**Task item**
Skip the pictures and restate, word for word, the lines from the one containing "高考300分,也許考到??茖" to the end of the data below.

**Data for review**
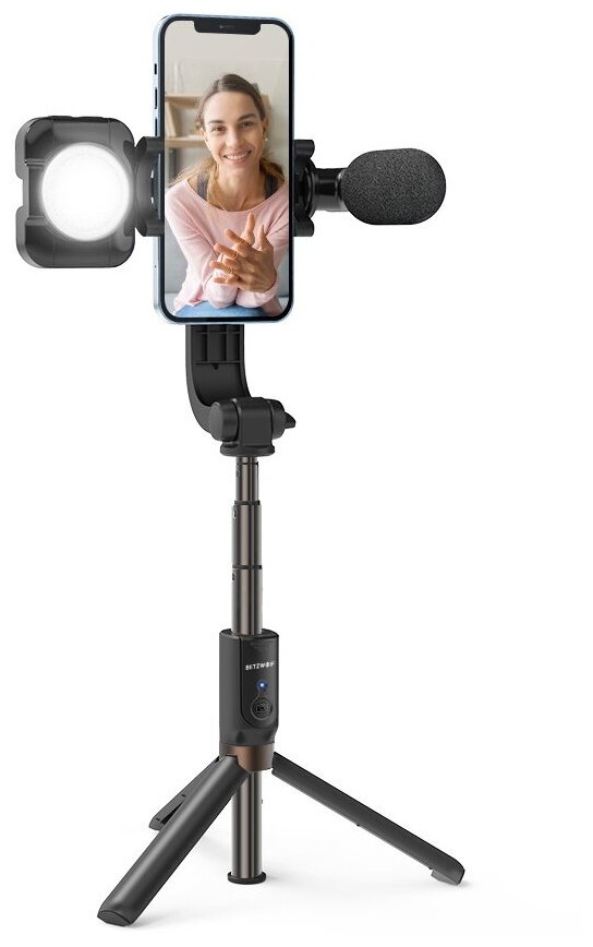 BlitzWolf BW-BS15 Tripod Selfie Stick with Fill Light & Microphone Black
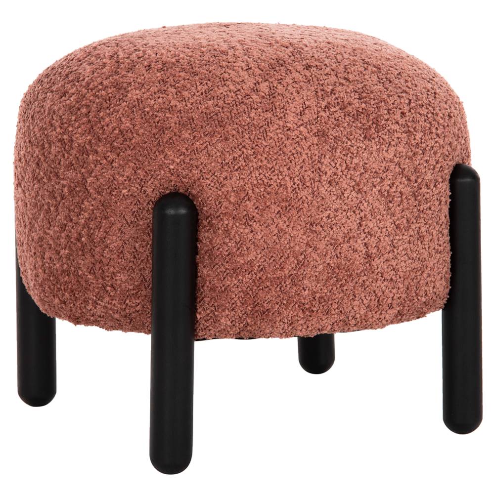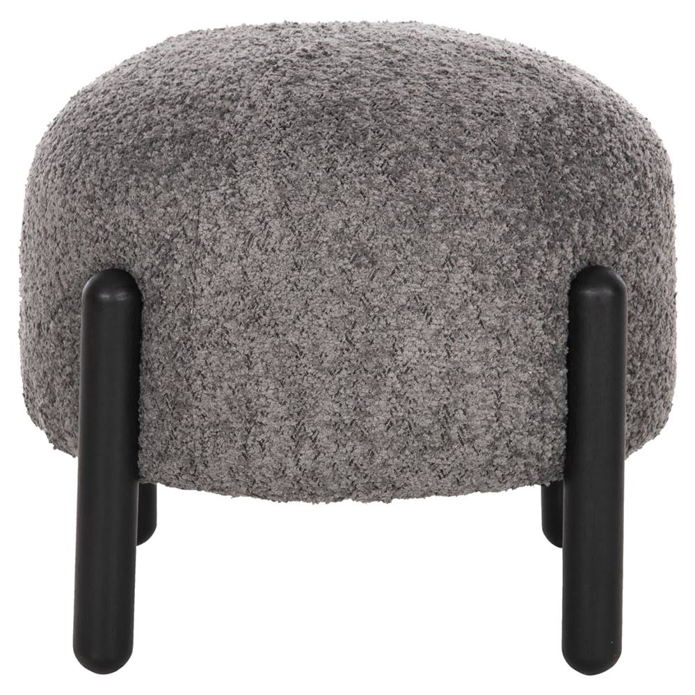 Модерна кръгла табуретка, изработена с мека текстилна дамаска букле и стабилни черни метални крака – красиво и практично решение, подходящо за различни интериорни стилове.
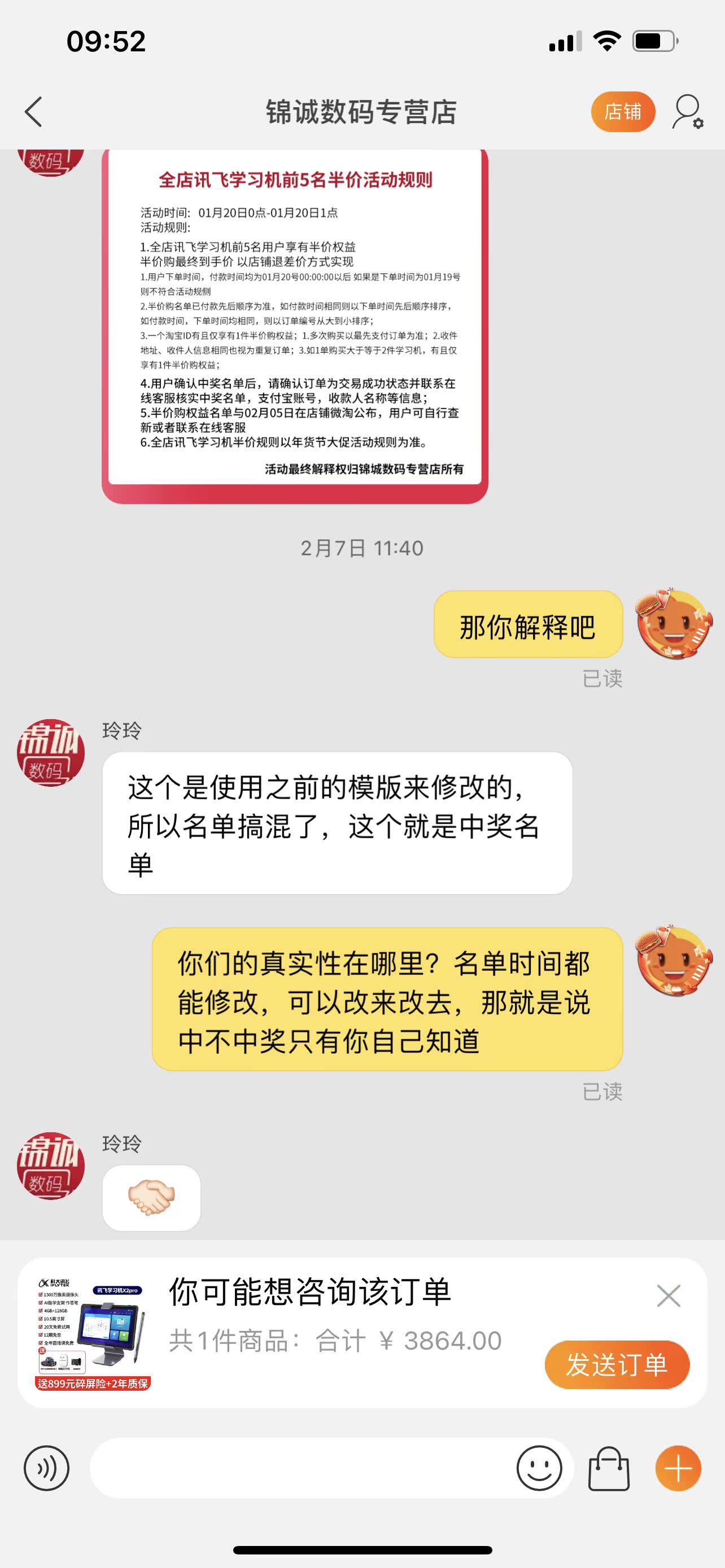 在这家店买大家一定要慎重考虑,我亲身经历2021年1月20日0点参加淘宝年货节半价活动,2月5日公布中奖名单,大家仔细看图,第五名是12月份的购买者,卖家说模版用错了,请大家买时擦亮眼睛吧,别耽误了在其他家能享受的优惠,我用我的前车之鉴来给大家提个醒!中奖名单商家能随意改动,真实性在哪里?商家自己知道!
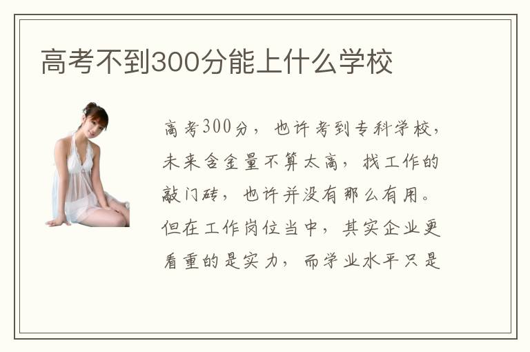 高考300分,也許考到??茖W(xué)校,未來含金量不算太高,找工作的敲門磚,也許并沒有那么有用。但在工作崗位當(dāng)中,其實企業(yè)更看重的是實力,而學(xué)業(yè)水平只是其中的一個方面而已。高考不到300分能上什么學(xué)校大專含金量如何,300分不足選擇的學(xué)校其實大專的含金量會下降,大家要面對的一些事實,然后遇強則強,逆襲而上。高考不到300分能上什么學(xué)校專業(yè)優(yōu)勢在哪,雖然高考300分不是特別高,能上的學(xué)校也不多,大多數(shù)都是??疲鋵嵰彩谴嬖趦?yōu)勢的。比如??圃盒8幼⒅貙嵺`,培訓(xùn)課程也會更多,讓學(xué)生深入淺出,更加重視實踐的內(nèi)容,而不是紙上談兵,只關(guān)注于書本里面的知識。所以大家也不要悲觀失望,其實未來的就職生涯中還有非常長,如果可以結(jié)合興趣愛好來考慮,那么在這個行業(yè)可以走得更加順暢,也豐富樂趣。
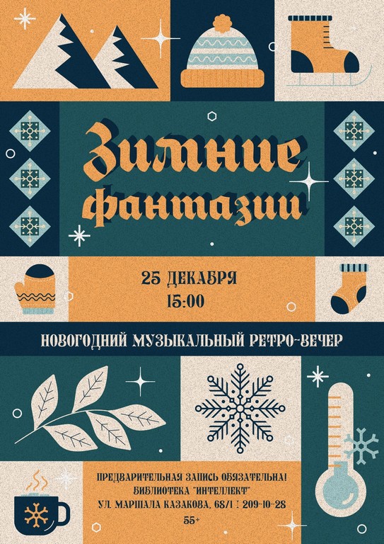 Чт 25.12 / 15.00-16.00 – Новогодний музыкальный ретро-вечер «Зимние фантазии», 55+
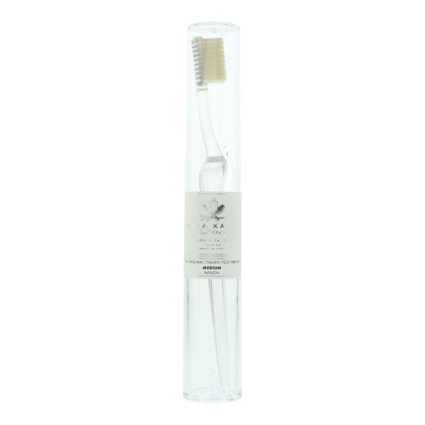 This Acca Kappa Lympio toothbrush offers a traditional design with a distinct retro flair for your daily oral hygiene routine. The vibrant turquoise handle provides an appealing aesthetic while maintaining practical functionality. It is specifically engineered to assist with consistent, effective daily dental care requirements.
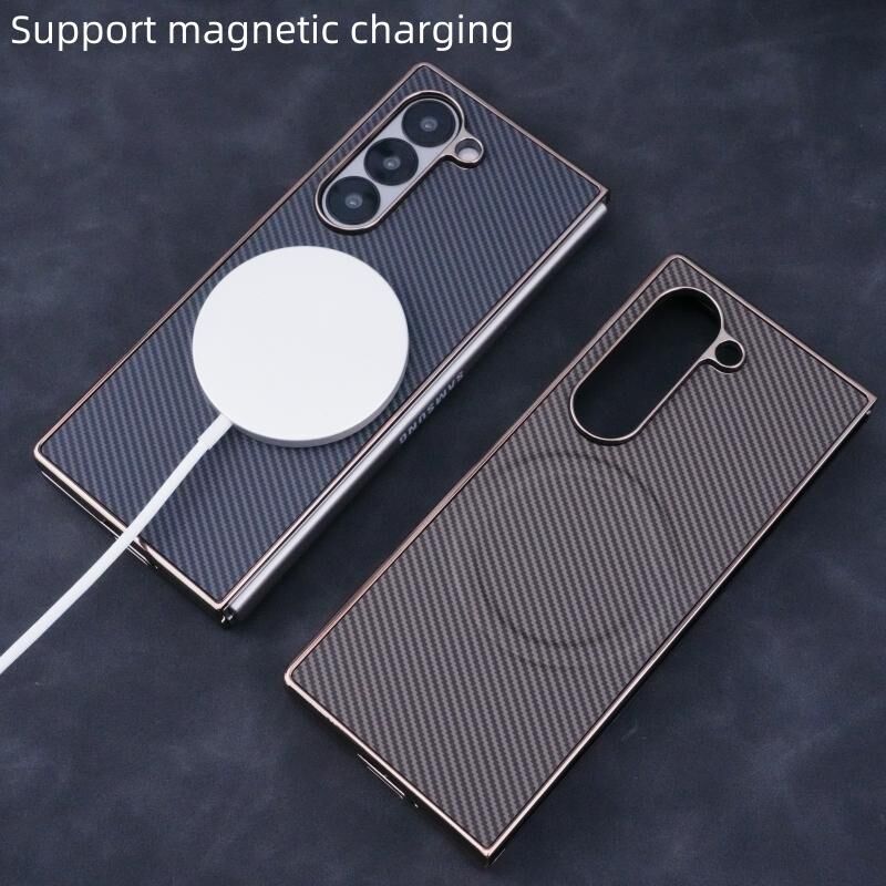 Θήκη τηλεφώνου Samsung Galaxy Z Fold6 με επιμετάλλωση, MagSafe, ανθρακονήματα (Χρυσός Τιτανίου)
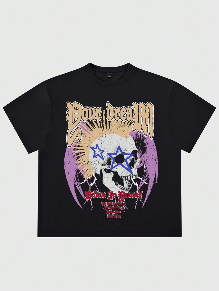 Grunge Punk Guys Skull & Letter Graphic Tee
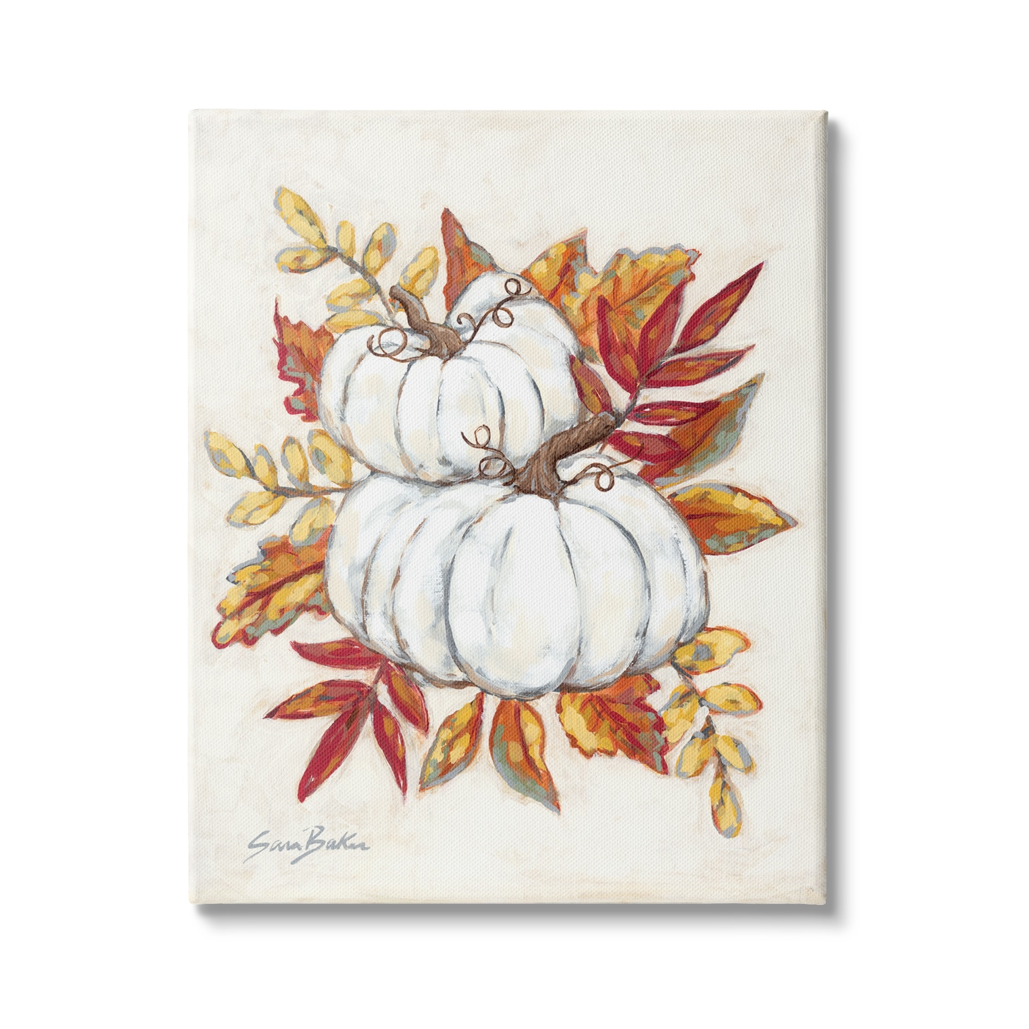 Stupell Industries White Pumpkins Stacked Red Orange Autumn Leaves Canvas Wall Art
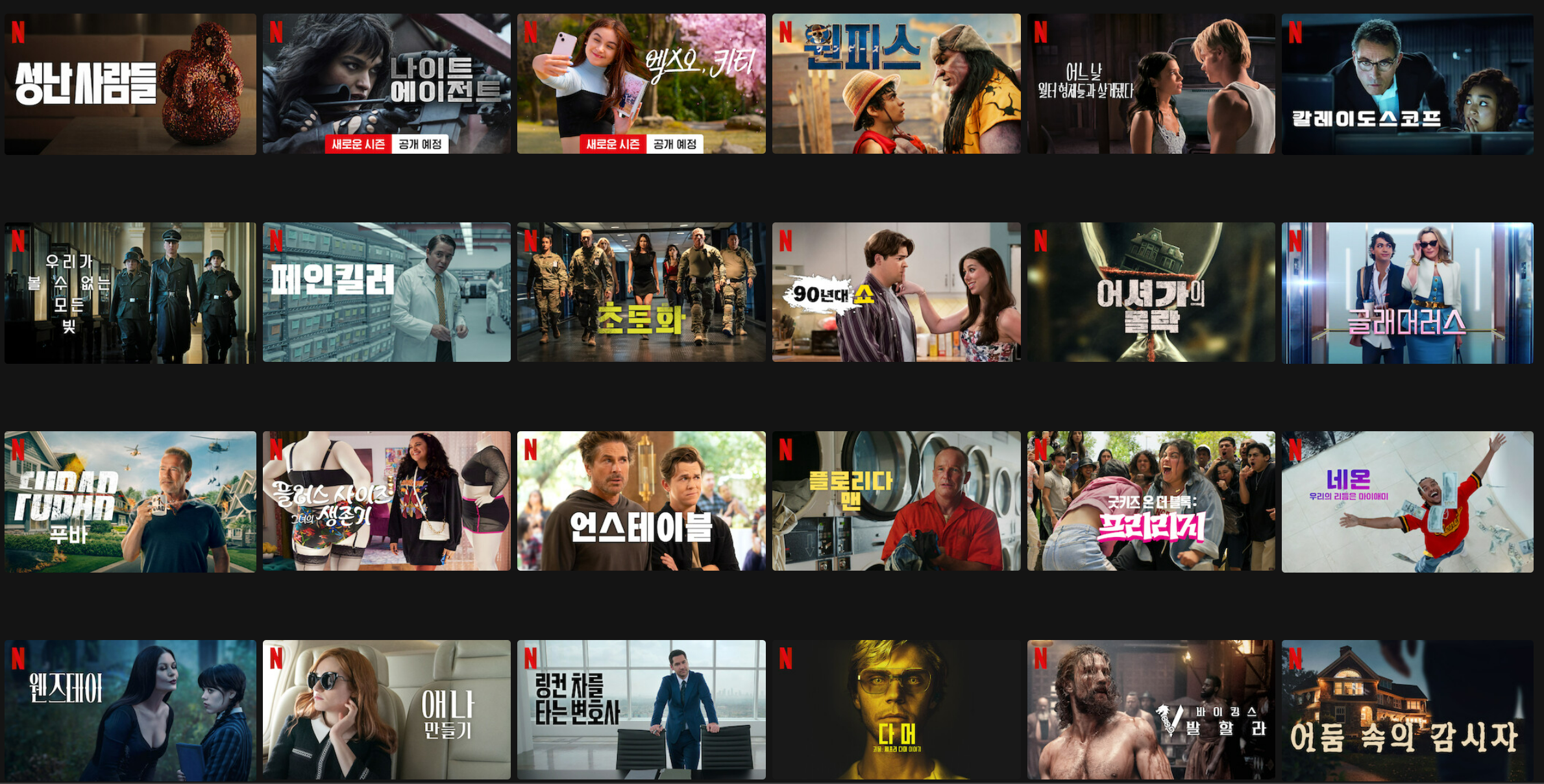 삼체, 괴물: 메넨데즈 형제 이야기, 스파이가 된 남자, 사나운 땅의 사람들, 그리셀다, 아바타: 아앙의 전설, 완전무결한 커플, 리플리: 더 시리즈, 우린 반대야, 어느 남자의 완전한 삶, 혼돈의 세상에서, 선 브라더스, 완벽한 우리집으로, 데카메론, 제이크 폴 vs 마이크 타이슨, 뷰티 인 블랙, 보드킨, 그들이 사라진 마을, 타이어!, 데드 보이 탐정단, 빈스 스테이플스 쇼, 더 넷플릭스 슬램, 체스트넛 vs 고바야시: 푸드파이터들의 대격돌, 샬럿 왕비: 브리저튼 외전, 외교관

**Written answer**
 高考300分,也許考到??茖W(xué)校,未來含金量不算太高,找工作的敲門磚,也許并沒有那么有用。但在工作崗位當(dāng)中,其實企業(yè)更看重的是實力,而學(xué)業(yè)水平只是其中的一個方面而已。高考不到300分能上什么學(xué)校大專含金量如何,300分不足選擇的學(xué)校其實大專的含金量會下降,大家要面對的一些事實,然后遇強則強,逆襲而上。高考不到300分能上什么學(xué)校專業(yè)優(yōu)勢在哪,雖然高考300分不是特別高,能上的學(xué)校也不多,大多數(shù)都是??疲鋵嵰彩谴嬖趦?yōu)勢的。比如??圃盒8幼⒅貙嵺`,培訓(xùn)課程也會更多,讓學(xué)生深入淺出,更加重視實踐的內(nèi)容,而不是紙上談兵,只關(guān)注于書本里面的知識。所以大家也不要悲觀失望,其實未來的就職生涯中還有非常長,如果可以結(jié)合興趣愛好來考慮,那么在這個行業(yè)可以走得更加順暢,也豐富樂趣。
 Чт 25.12 / 15.00-16.00 – Новогодний музыкальный ретро-вечер «Зимние фантазии», 55+
 This Acca Kappa Lympio toothbrush offers a traditional design with a distinct retro flair for your daily oral hygiene routine. The vibrant turquoise handle provides an appealing aesthetic while maintaining practical functionality. It is specifically engineered to assist with consistent, effective daily dental care requirements.
 Θήκη τηλεφώνου Samsung Galaxy Z Fold6 με επιμετάλλωση, MagSafe, ανθρακονήματα (Χρυσός Τιτανίου)
 Grunge Punk Guys Skull & Letter Graphic Tee
 Stupell Industries White Pumpkins Stacked Red Orange Autumn Leaves Canvas Wall Art
 삼체, 괴물: 메넨데즈 형제 이야기, 스파이가 된 남자, 사나운 땅의 사람들, 그리셀다, 아바타: 아앙의 전설, 완전무결한 커플, 리플리: 더 시리즈, 우린 반대야, 어느 남자의 완전한 삶, 혼돈의 세상에서, 선 브라더스, 완벽한 우리집으로, 데카메론, 제이크 폴 vs 마이크 타이슨, 뷰티 인 블랙, 보드킨, 그들이 사라진 마을, 타이어!, 데드 보이 탐정단, 빈스 스테이플스 쇼, 더 넷플릭스 슬램, 체스트넛 vs 고바야시: 푸드파이터들의 대격돌, 샬럿 왕비: 브리저튼 외전, 외교관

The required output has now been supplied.